I also remember making my own on the farm when I was a kid, we all had them, and would use them against each other using plums or damsons,....the devils we were... lol

Of course for hunting we used ball bearings [ from wheel bearings ]....we got from the local garage


RE: Catapult, aka Slingshot or "Bean Shooter" - CharlesHarris - 24 September 2013

My friend Mikey was a helicopter crew chief in Vietnam. He usually had either a .45 or an M16 close by, but being a true Arkansas country boy, he habitually carried his Whamo slingshot in his overalls pocket, keeping a handful of 10mm ball bearings from the engine repair shop tpo amuse himself.

He often worked on aircraft at night close to the perimeter fence and any unfamiliar noises were spooky. When hearing suspicious sounds too close for comfort he would "recon by bearing" hurling a ball in the direction of the noise. This usually ran off the water buffalo or whatever. There was always the lurking fear of enemy sappers cutting through the wire, but the last thing you wanted to do was fire a shot and have every machinegun having pre-registered fires set along the perimeter fence to be searching and traversing around your position!

One night he heard a noise and loosed a ball, the noise persisted and he hurled another, then heard a grunt and silence. He went back to work. The next day they found a sapper with a hole through his head hung up in the wire.... The security team was puzzled, "the shot must have come from a long way off, nobody heard it, and the bullet didn't exit his head, fellow was just unlucky I guess?"

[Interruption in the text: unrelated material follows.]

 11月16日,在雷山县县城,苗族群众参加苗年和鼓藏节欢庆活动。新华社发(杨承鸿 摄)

Mikey kept whistling and went back to work.


RE: Catapult, aka Slingshot or "Bean Shooter" - MoleTrapper - 29 December 2013

I did not realize until earlier how much the humble catty had moved on! There is a great forum called the slingshot forum, and there's some great YouTube stuff, particularly by a German sounding guy.

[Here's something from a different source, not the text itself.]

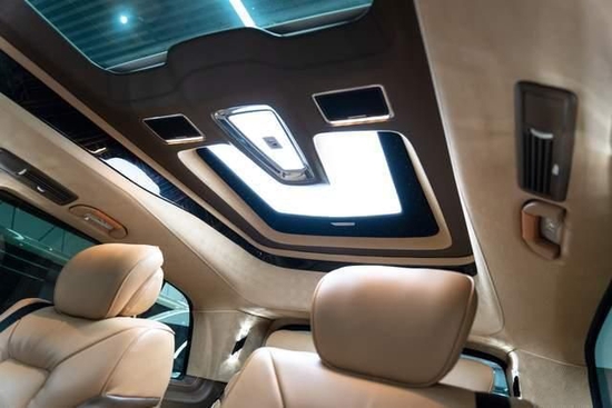 我们来到了乘客的第三排,三排座椅424,从此人生没烦事!我们可以看到424单独调节的座椅呢,相互之间是完全不影响的,同时我们座椅还带通风按摩加热,有区别于普通的一体沙发床哦,全新的飞船顶灯设计,外形非常的时尚酷炫,搭配了迈巴赫顶部的一个化妆镜,女士在车内随时补妆。

RE: Catapult, aka Slingshot or "Bean Shooter" - CharlesHarris - 30 December 2013

There is a YouTube video of the German fellow injuring hjmself when a large ballbearing rebounded off a champagne bottle and struck him.in the forehead. Fortunately the gentleman had the thick skull and sloped forehead of his Neanderthal ancestors, and while he was obviously in great pain and bled heavily, the glancing blow saved his life. Had it struck an inch or so lower he may have been killed.

The moral, fire test shots through a barricade and wear a riot helmet with full facial impact protection!

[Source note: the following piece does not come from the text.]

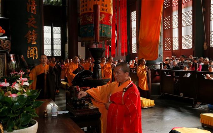 4月27日上午,古刹灵隐寺为尼泊尔等地震受灾地区举行消灾祈福法会,灵隐寺监院义广法师主持法会。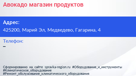 Авокадо, магазин продуктов по адресу 425200, Марий Эл, Медведево, Гагарина, 4 в дальнейшем Организация, размещена в следующих категориях:

RE: Catapult, aka Slingshot or "Bean Shooter" - Mortblanc - 30 December 2013

OK, that made me squirt Pepsi out my nose!

http://www.youtube.com/watch?v=YleZvTSDC6s


RE: Catapult, aka Slingshot or "Bean Shooter" - MoleTrapper - 30 December 2013

Struth, wish I'd never looked that one up!, he's bleeding like a stuck pig.
On the other , goes to show what a useful bit of kit they are.


RE: Catapult, aka Slingshot or "Bean Shooter" - Timelord - 31 December 2013

Use lead soft shot/ball instead of the lighter steel and the damage inflicted will be significantly higher. It will probably be easier to obtain lead and it is easy to melt into a ball or oval bullet shape which is more efficient. Expediently the lead could just be shaved or cut into small pieces and molded or hammered into shape.

There is a reason most small arms projectiles are lead and not steel. TL.